# Aquasoil and red cherry shrimp



## benderisawesome (Sep 10, 2008)

Hi there everyone.

So I have been dabbling in the planted tank world for a while now and also have been keeping red cherry shrimp in my tank also. I've used flourite for substrate and haven't had satisfactory plant growth and have been thinking of setting up a tank using some sort of aquasoil (ada, up, fluval plant statum etc.) 

My question is; Will red cherry shrimp still thrive in a tank set up with a type of aquasoil that buffers the pH of the tank water to a lower value around 6.5? I've heard that red cherry shrimp don't love low pH but can tolerate it and I am afraid that they will not thrive. 

Any advice or experience would be greatly appreciated. 

Thanks


----------



## Tanman19az (Dec 14, 2011)

They will breed at first but production goes down from there. I currently have a setup right now where I'm using AS but my tap water is really hard in the first place so they are doing great!


----------



## MagpieTear (Jan 25, 2009)

I know I'm bumping an older thread, but I wanted to throw out my experience. I am running ADA "Amazonas II" with a small amount of Fluval Stratum in my Ebi, and the Shrimp are breeding like mad in it.

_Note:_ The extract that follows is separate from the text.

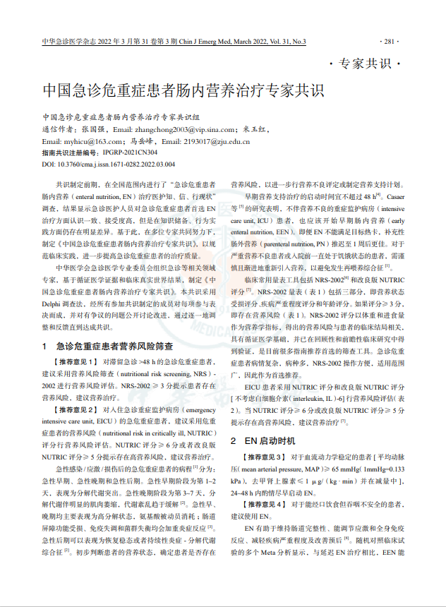 图2《中国急诊危重症患者肠内营养治疗专家共识》
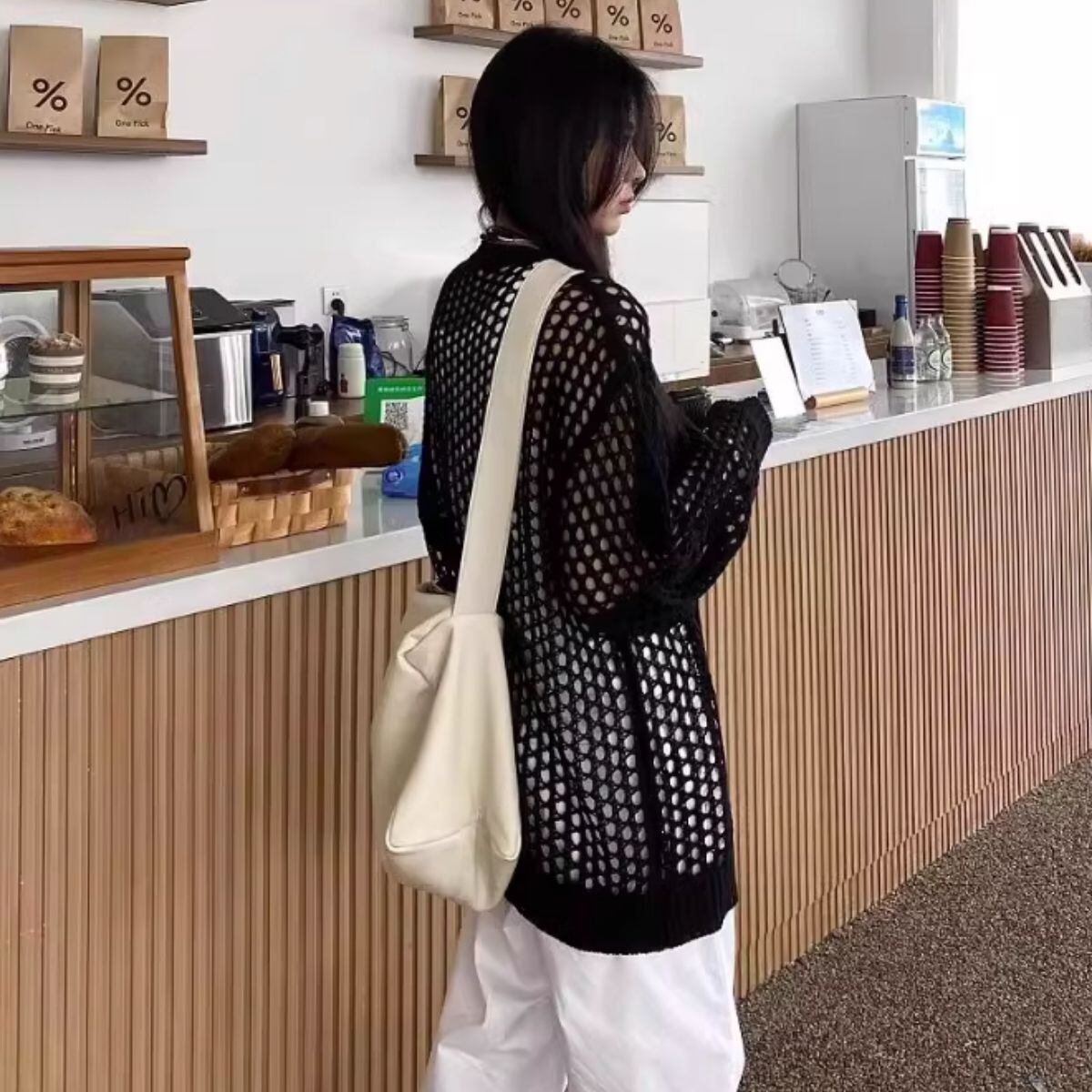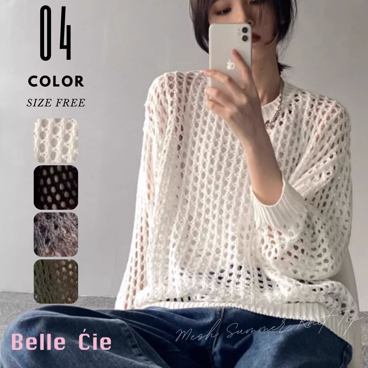 大胆に透け感のあるメッシュ風のかぎ針編みニットトップスです。程よいルーズ感でゆるすぎずタイトすぎない絶妙なサイズ感がおしゃれでかっこいいデザイン。

The tank has been up and running about 9 months, I've been pulling 25-40 shrimp a month from it for sale and the colony is very healthy. Never a shortage of shrimplets, as there is only an Oto in there with them and no fear of predation. My tap water is rather odd, no KH out of the tap, pH of 7.6 and GH fluctuates by season. I starting to try to keep it balanced with Seachem's Mineralize solution, but only half the recommended dosage, and only when the GH falls below a reading of 2 degrees out of the tap. seems to be working okay, the tank is showing fairly stable on bi-weekly testing.


----------



## superflame (Apr 24, 2012)

MagpieTear said:


> I know I'm bumping an older thread, but I wanted to throw out my experience. I am running ADA "Amazonas II" with a small amount of Fluval Stratum in my Ebi, and the Shrimp are breeding like mad in it.
> 
> 
> 
> ...


Nice, you should try with CRS or CBS now


----------



## Badlands54 (Dec 31, 2012)

They do better in a ph of 7+ they will breed more often and baby survival rate will be much better.


----------